Some of these defenders surrendered at the earliest opportunity and others fled, again as was the case on all five beaches. Most however fought back tenaciously and the only way to overcome them was to kill them. The approaches to Juno Beach were well covered with mines, obstacles, barbed wire and assorted machine guns, cannons mounted in pill boxes, bunkers and other strong points. In fact a study after revealed that Juno was the second most defended of the five invasion beaches after Omaha in terms of terms of fortifications, obstacles, and the troops manning them. 

The houses of the three major seaside towns Coureulles-s- Mer, Bernieres-s- Mer and St Aubin –s- Mer had all been turned into fortified strong points that had to be assaulted and cleared at heavy costs before the Canadians could move inland and fight further enemy forces including arriving German reinforcements. 

The initial naval and air bombardments that were supposed to destroy these fortifications and positions were not as effective as planned. In fact it is estimated that a bare 14% of the fortifications were destroyed or damaged sufficiently to no longer be a factor in the upcoming battle. The majority after the troops manning them overcame the initial shock of the bombardment were still effective. 

Added to this was the fact that the landings at Juno initially scheduled to be the last of the day, fifteen minutes after the other assaults began were further delayed another half an hour by weather. This ensured that the defenders had sufficient time to recover from the less than effective bombardment and 

The facts speak for them selves as Zuehlke notes. After Omaha Beach the most casualties suffered by the Allied invasion force were those incurred on Juno.

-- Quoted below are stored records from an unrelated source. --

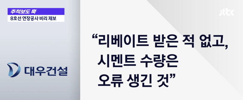 이와 관련해 대우건설 관계자는 “시멘트 수량은 공사 중간 설계가 바뀌는 과정에서 생긴 오류이며 공사비 리베이트 의혹은 사실이 아니“라고 밝혔다. 불법 재하도급 의혹 역시 ”타사 현장을 오가는 숙련공들이 직고용을 꺼려 장비 협력사 소속으로 둔 것일 뿐”이라고 해명했다.
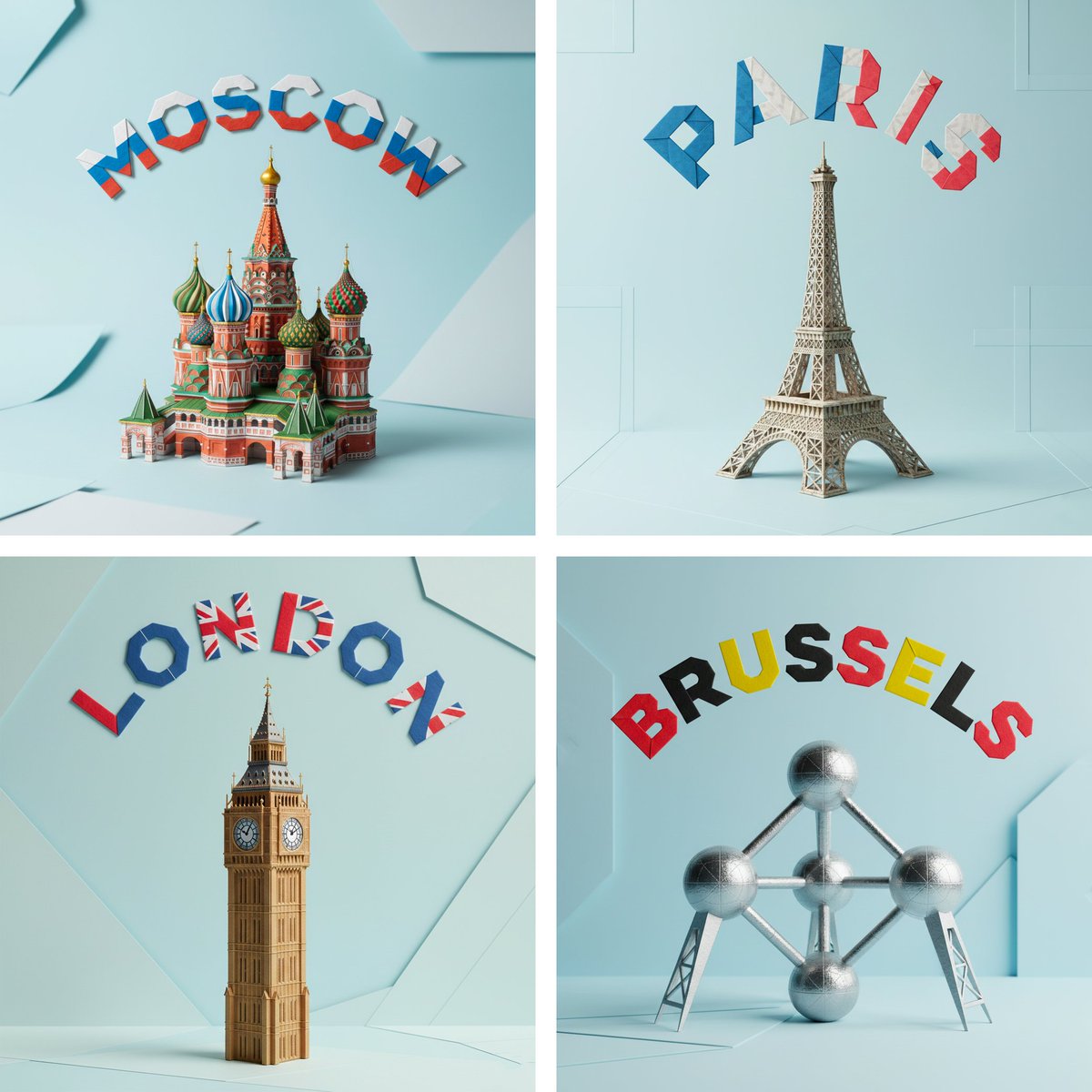 一张正方形1:1格式的数码照片,呈现一座以纹理彩色纸折叠而成的精致折纸模型(MONUMENT),居中构图。在其上方,用该国家象征色彩的鲜艳纸张折叠成醒目的折纸风格字母,拼写出(CITY)一词,并以优雅的弧形排列。背景柔和极简,采用浅粉彩或中性色调,带有细腻的纸张纹理或抽象几何细节。光线柔和漫射,投下自然阴影,强化每一个折痕的深度与锐度。整体风格干净、写实且富有手工质感,突出材质纹理、几何精度与视觉和谐。
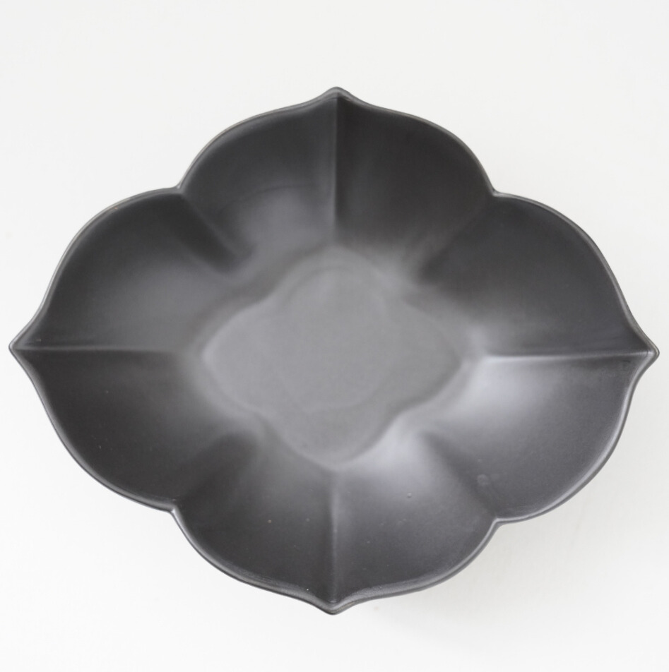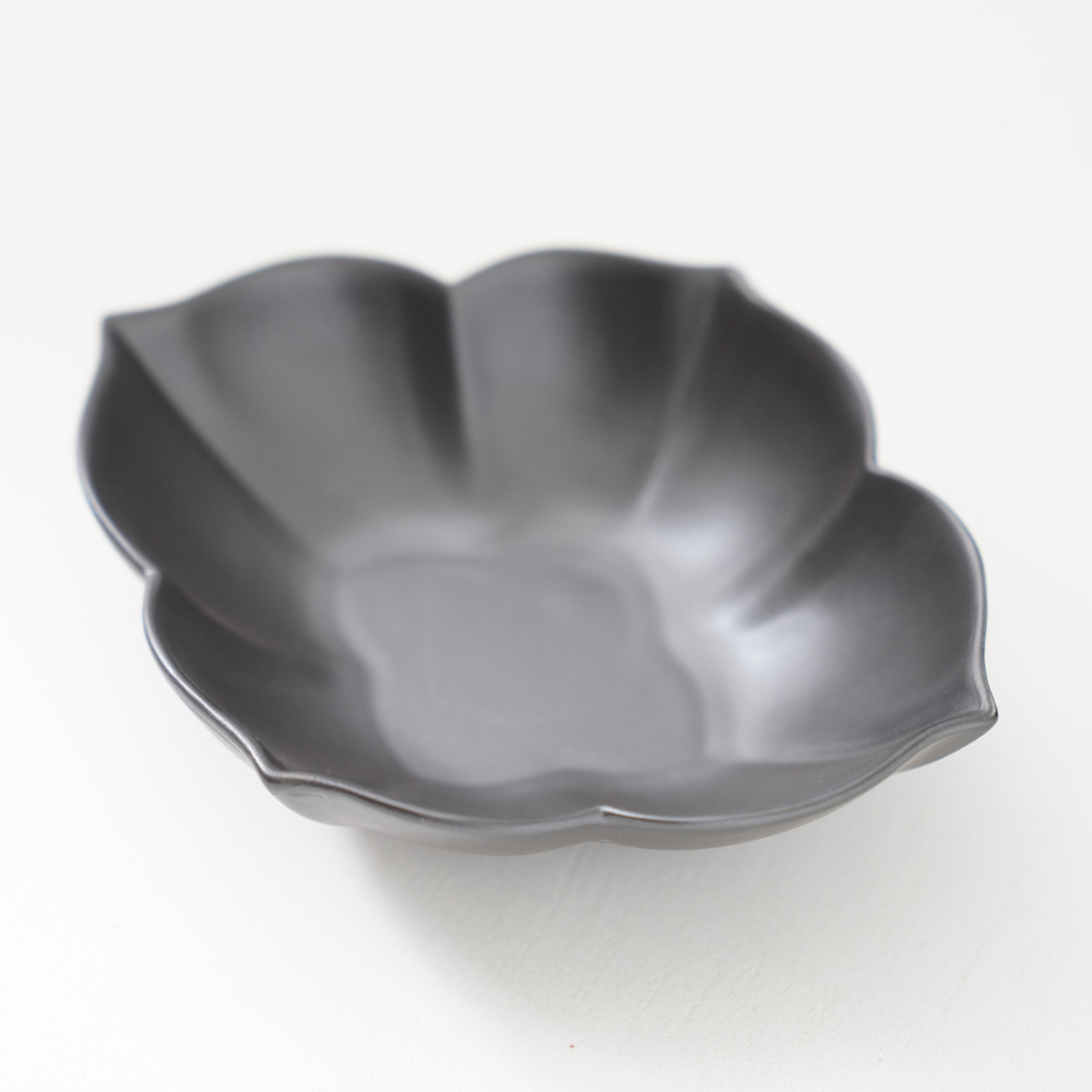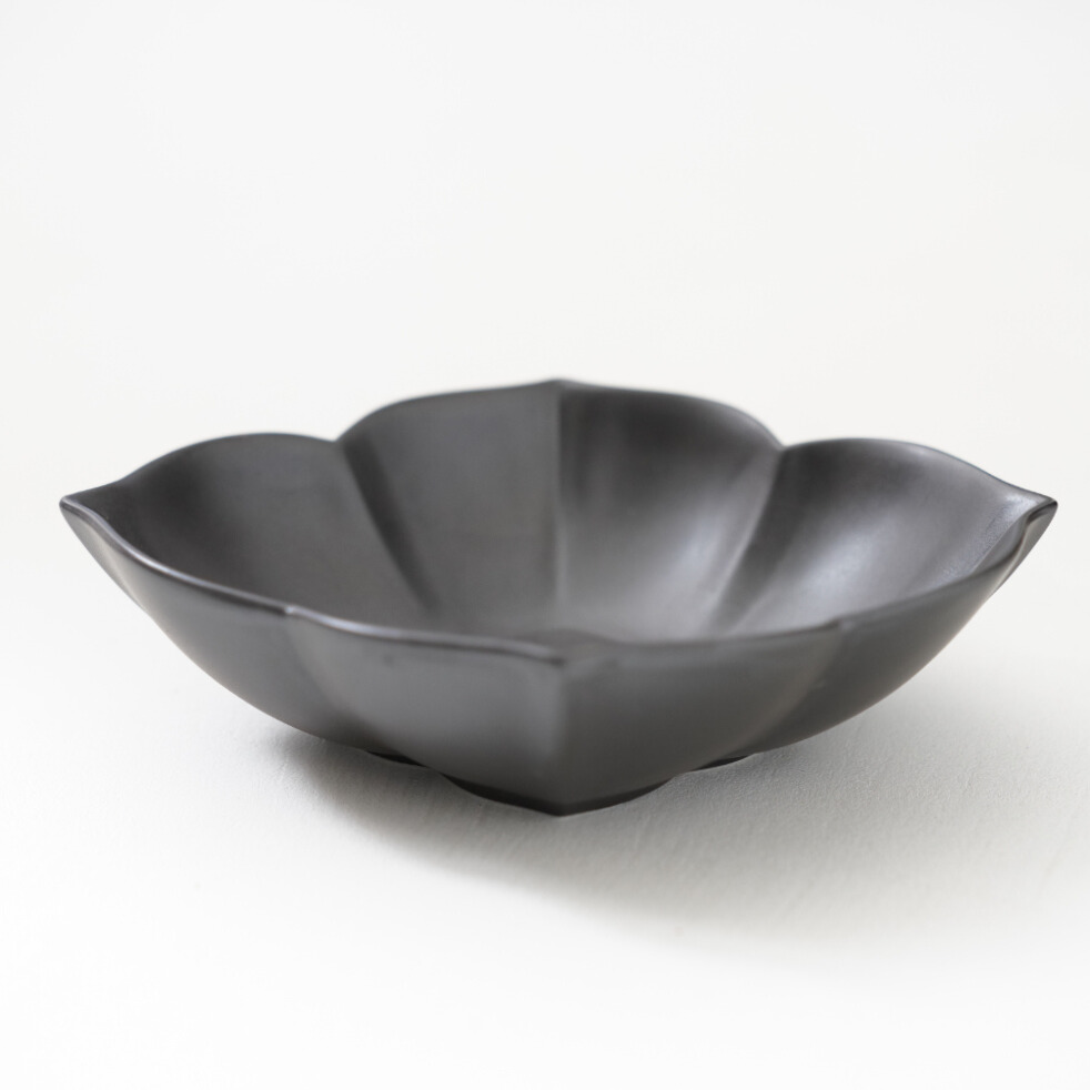 落ち着いた黒マットの質感に、花を思わせる木甲型のフォルムが映える波佐見焼の中鉢。
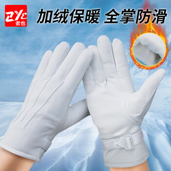 者也(ZYE)执勤阅兵加绒厚手套 三筋点胶防滑棉手套 白色 L码
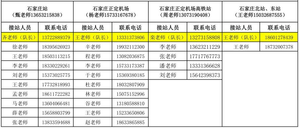 10月15日第二批次学生报到接站人员名单
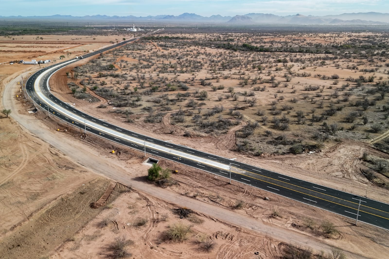 Lo acompañaron Astarté Corro Ruiz, titular de la Dirección General de Desarrollo de Infraestructura (DGDI) y Alejandro Guerrero Comella, representante Legal de la concesionaria Seri, S.A. de C.V., a cuyo cargo estará la continuidad de la obra que recorrerá otros 15.1 kilómetros en segunda etapa y 11 .1 kilómetros en la tercera.
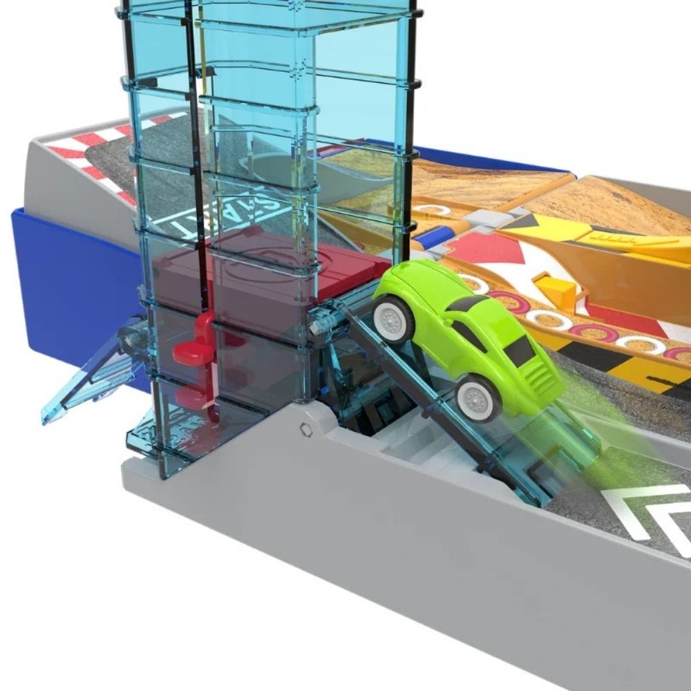 Oyuncak arabaları yarış pistine fırlatın, ardından asansörle yukarı çıkın!
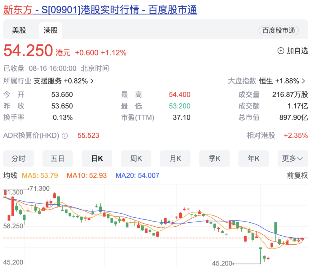 虽然东方甄选近两年总上热搜,但其前身新东方在线,整合了新东方集团所有的线上教育业务。2017年,新东方在线在新三板挂牌上市,但于2018年摘牌,随后转向港股市场。2021年,随着教培行业受到严格监管,新东方在线开始业务转型,这才有了东方甄选。目前,整个新东方集团的教育板块实际上也在回暖,教育行业“一哥”俞敏洪并不是只靠董宇辉赚钱,他依旧有自己的基本盘,新东方(指新东方教育科技集团有限公司,非东方甄选)897.9亿港元的市值,也主要来自教育业务。

Casualties among the six infantry battalions that landed in the initial assault reached as high as 50%. Similar losses were reported in men and materials in the two tank regiments that supported them in the first wave. 

All doctrine would suggest that such units were no longer combat effective. However despite these crippling losses all eight units remained in action and even moved inland towards their objectives. Losses amongst the follow on Brigade and the other supporting divisional troops were also high; but they too were far inland by nightfall. 

None of the Allied forces that landed that day reached their ultimate objectives, many of which were optimistic at best including the capture of the major city in the region Caen. Many failed to reach their primary objectives often just off the invasion beaches themselves. Only 3rd Canadian Infantry Division reached all of their primary objectives and came closest to securing all their objectives by nightfall on the sixth of June. 

Several historians have argued that Canada truly became a nation in the eyes of the world at the Battle of Vimy Ridge in the First World War, the first real Allied success of that conflict. If so then the sons of that battle cemented that idea with their performance on the sands of Normandy a generation later. Mark Zuehlke’s work is an important part of the chronicling of that fact.


----------



## Duzty (30 Jan 2007)

About half way through reading this book.  I find it to be quite well written.  Can't wait till his other books about Northern France.


----------